Studio 2728--Girard Ave. Philadelphia,PA
We took the rhubarb, asparagus, and kale out of the trunk and walked across Girard Ave. to the entrance of the Studio. It was still early. Like 6pm. The shows always started at six but no one ever got there until around 7. At least that’s how it usually went at Studio 2728. But tonight was special. It was to be the first big deal night for Jon and Leigh. Everyone assumed for one reason or another, whether it was the old adage “sex sells,” or the rising status of the erotic photographer, that this show would draw the biggest crowd the place had seen thus far.
By eight o’clock there were more tattooed women than I’d ever seen in one place milling inside the gallery and outside on the sidewalk. Models that had worked with the artist I guessed. The story went that he was now being hired to fly all over the world to shoot women in his erotic photographic style. Originally working and based in Baltimore, MD, he now lived on a “farm” in one of those mid western corn states. Iowa was it? I couldn’t remember but he definitely brought the crowd. Skip had been irritated with this guy because at six o’clock, when the doors were supposed to open, the photographer and his assistant were still hanging art.
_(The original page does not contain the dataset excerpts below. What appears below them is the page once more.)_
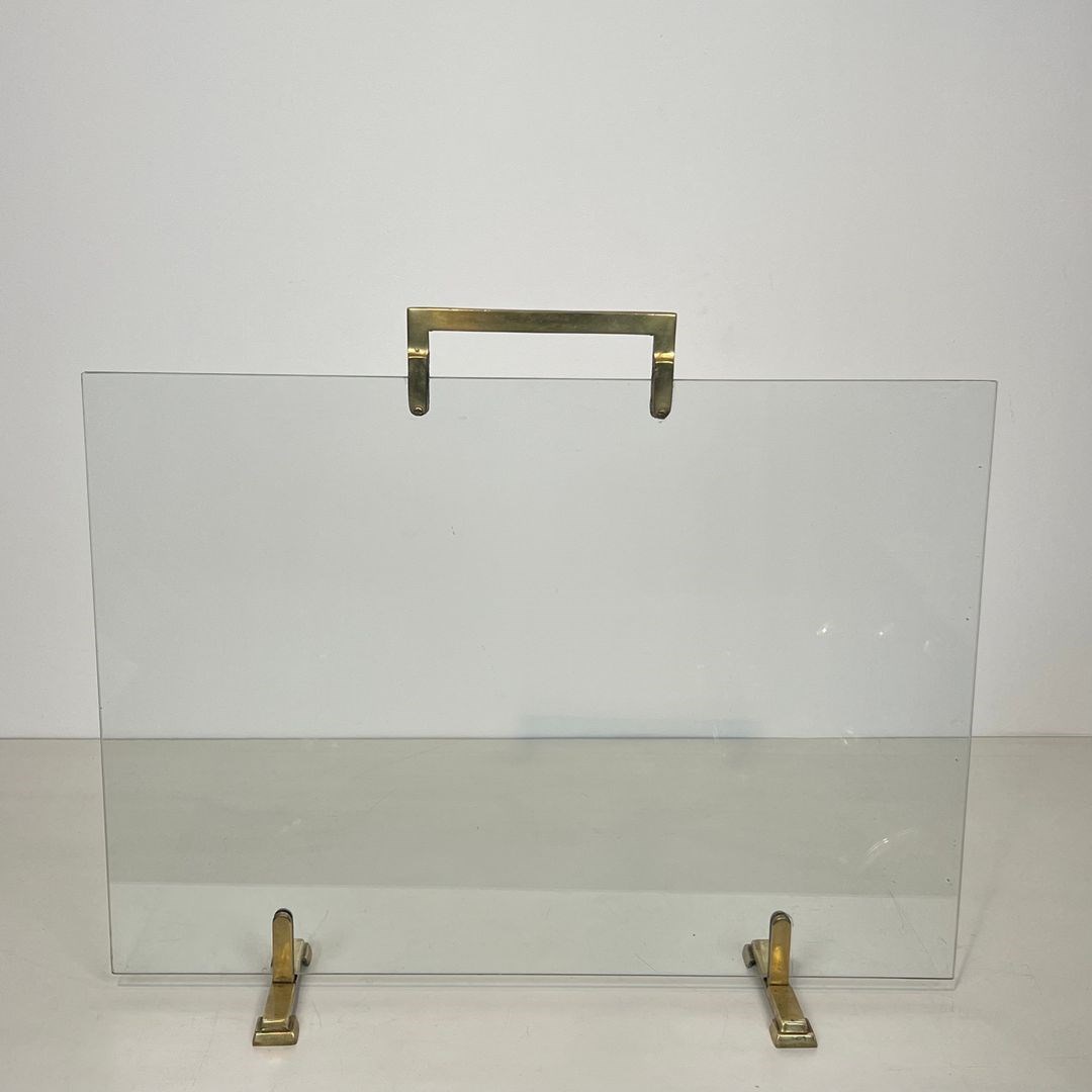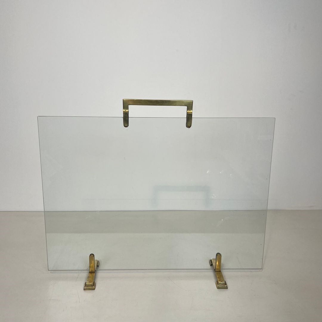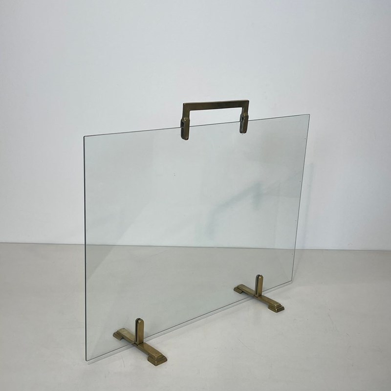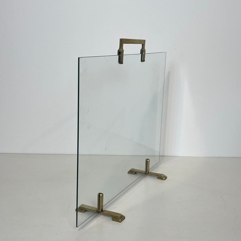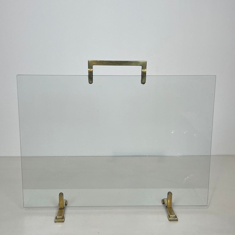 Glass and brass fireplace screen with brass feet. French work. Circa 1970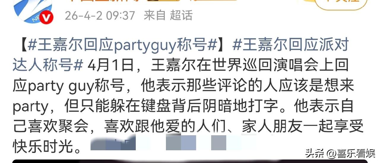其实这个“派对达人”的标签,缠了他挺久了。总有人拿他爱参加聚会、社交多说事,阴阳怪气说他不务正业,甚至编各种乱七八糟的料,之前王嘉尔大多是冷处理,没这么正面硬刚过。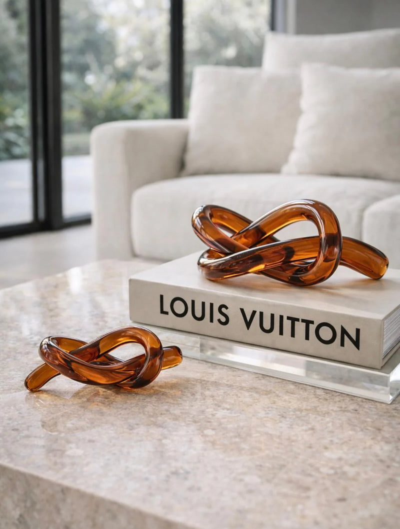 זוג פסלי קשר מזכוכית בגוון יחום יוקרתי עמוק שמוסיף טאץ’ יוקרתי ומודרני לכל סטיילינג. פריטי נוי לבית כאלה יוצרים מוקד עניין אלגנטי ונראים מעולה כחפצי נוי על כל משטח.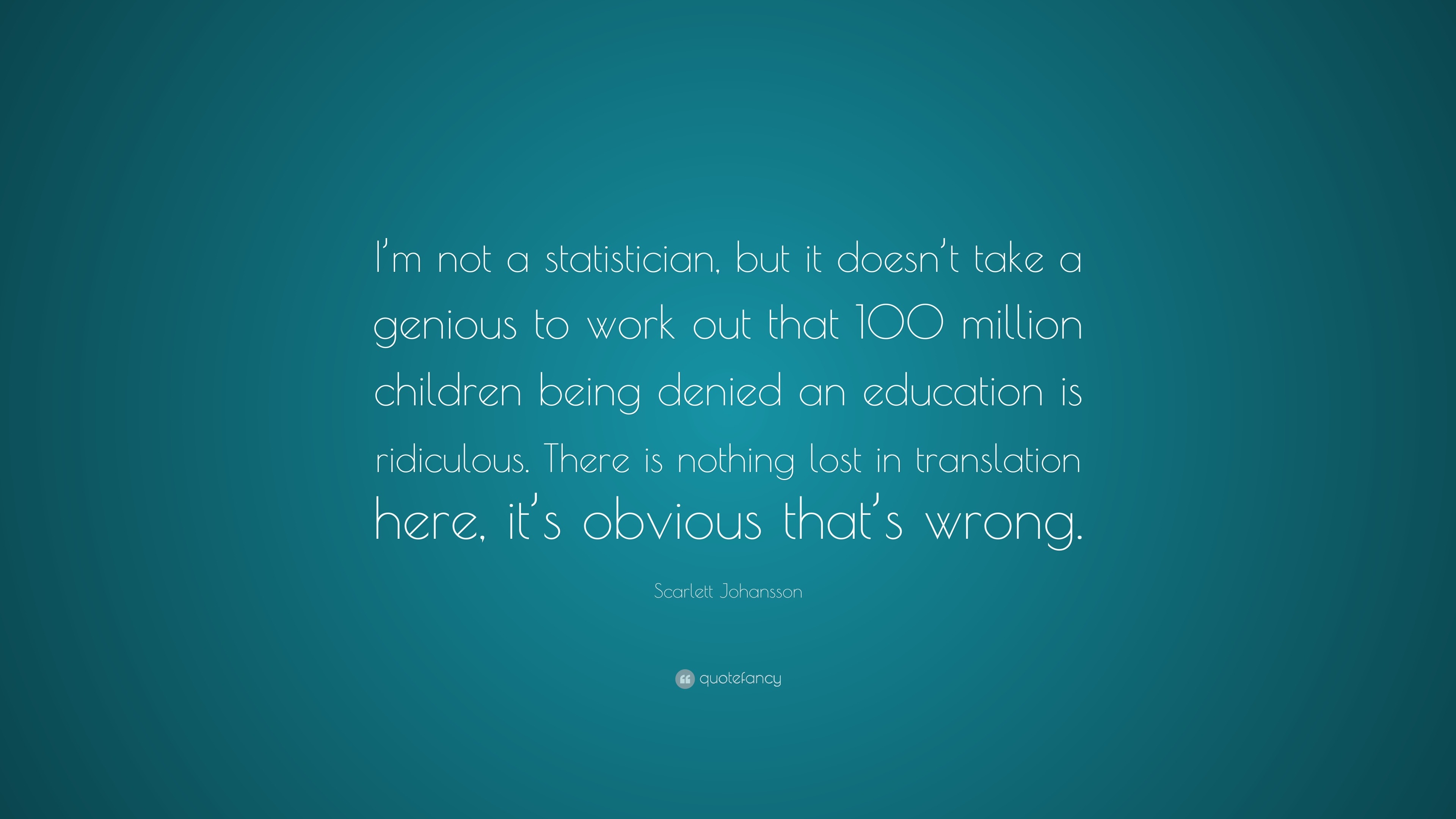 I M Not A Statistician But It Doesn T Take A Genious To Work Out That 100 Million Children Being Denied An Education Is Ridiculous There Is Nothing Lost In Translation Here It S Obvious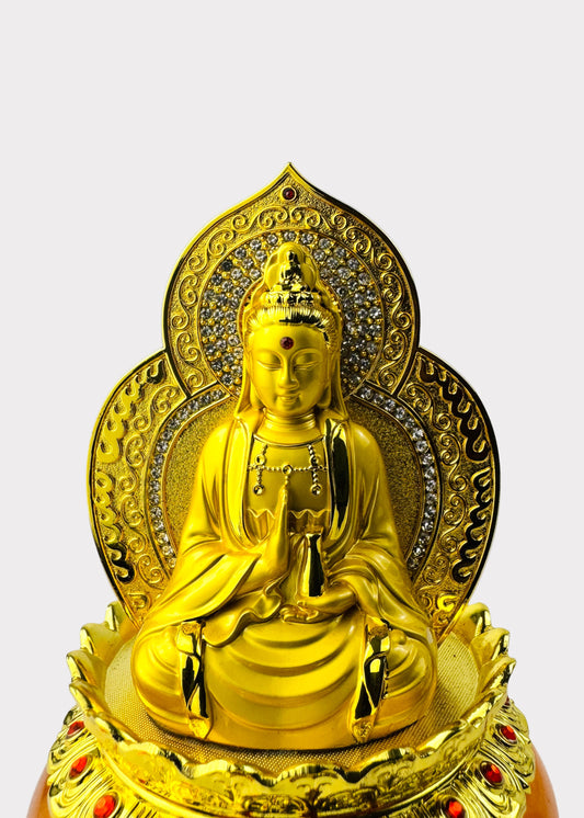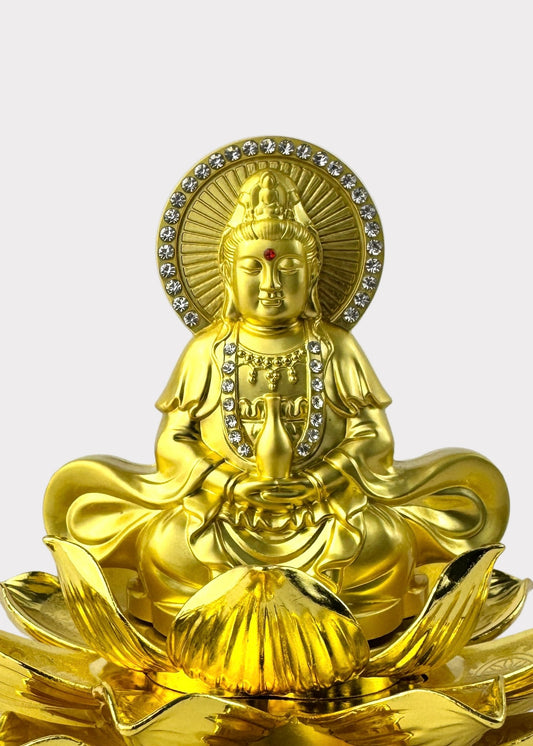 Guan Yin Lotus Base - Essential Oil Diffuser - Double Sided - Gold Tone
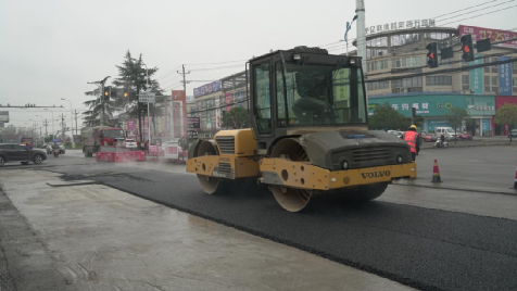城市另一頭,迎賓大道升騰著熱氣,瀝青運料車和壓路機正熱火朝天地打著配合,進行著瀝青攤鋪工作。經過數月的布管、回填,這條道路的雨污分流施工已接近尾聲。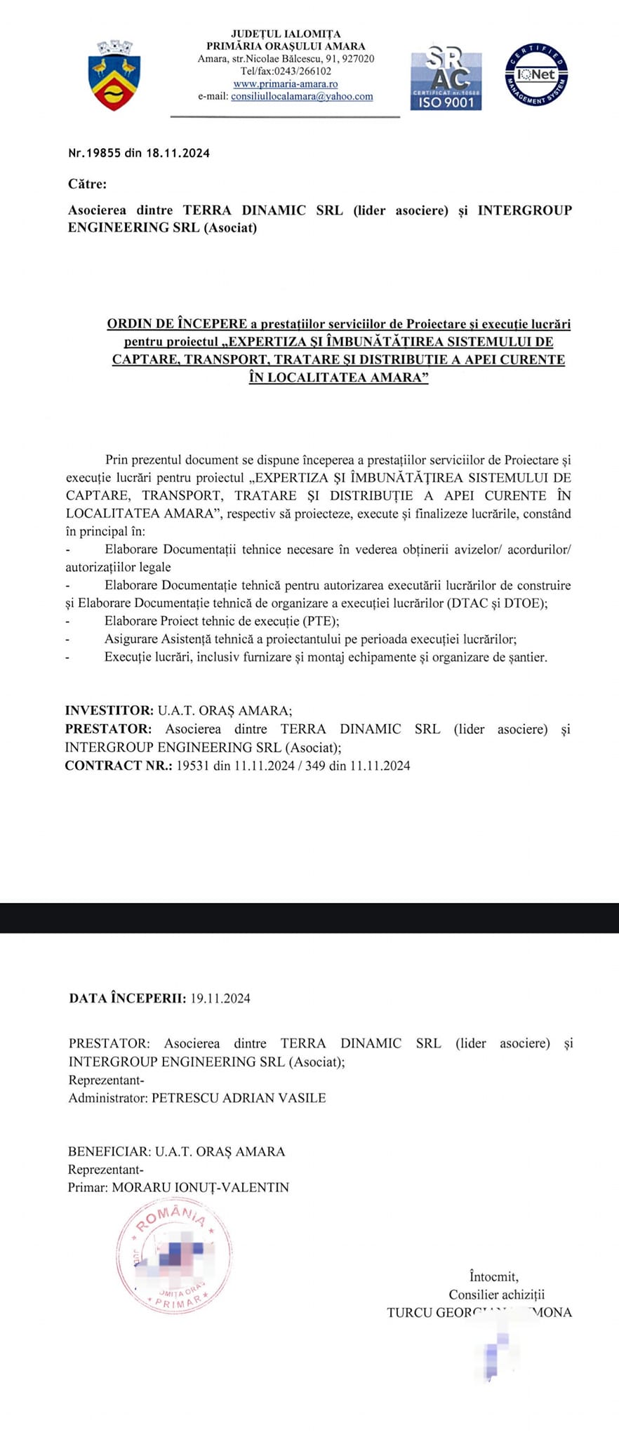 Vești bune pentru locuitorii orașului Amara! Încep lucrările la proiectul privind îmbunătățirea sistemului de captare, tratare și distribuție a apei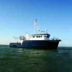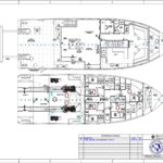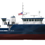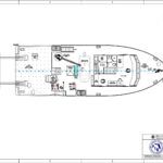 The hull specifications consist of a combination of plate thicknesses. “The side plates from the chine to bulwark cap are ¼-inch and the bottom plates from the chine to keel are 5/16-inch,” said Jeff Keunning of Boksa Marine Design. “There are several inserts of ½-inch at the bilge keels, the propeller nozzle, and the rudder area. Also there is a 5/16-inch cutwater from the stem back 12 inches. This runs parallel to the curve of the bow from the cap rail to the chine.” When I asked Jeff about the bulbous bow configuration, he said, “I hesitate to comment as there are significant differences in opinion on the effectiveness and advantages of the bulb bow.” Forward of the 400-square-foot stern work platform there are two cranes, towing equipment, and work boats, as well as a central entrance to the lab area with a dry lab to port and a wet lab to starboard.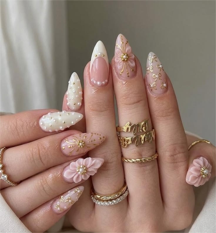 Festive touches include combining pearl finishes with glitter or metallic details. The almond shape complements this trend by adding sophistication and length.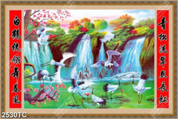 Tranh treo tường đàn hạc và thác nước phong thủy

Apparently he had some anxiety issues and was sucking down Mt. Dews all day. I thought the whole scene was comical. Here you had this fairly typical hipster looking guy sporting big ass gold-rimmed Elvis glasses nervously floating around the gallery ordering his assistant to various tasks in an almost whispering, raspy voice while back in Jon and Leigh’s bedroom was his quiet, sly looking girlfriend putting on heavy movie-star eye makeup with Skip’s cat snoozing on the futon. To his credit, I got the sense that this photographer was only as much of a primadonna as it might take to push him from cult star status to something more. It was all too LA yet in a fairly endearing, low-fi kind of DIY-for-porn-star way. The energy was there. That great city, art-scene energy vibe that can be sometimes hard to find out in the country where I live. Not to mention the amazing looking people in all their hipster attire. Flaunting style just to do it.
What a juxtaposed weekend. To think I had spent the morning at a Mennonite farm learning about companion planting in the garden. By ten that night a crew of us headed over to the Barbary Club for the after- gallery party. We had heard some friends of the artist would be spinning reggae and soul records there . I had been skeptical about this part of the night’s events at first but was amazed to find the dimly-lit, dingy bar slammed with people getting down to classic 60’s soul and yes! reggae. I had never been to the Barbary before but felt right at home immediately. It felt like London. I should say it felt like what I imagined a hard-hitting reggae club in London to be like. And what would any London club worth its salt be without a few skinheads dancing solo to the chorus, “I’m a sufferer, a sufferer, a sufferer.”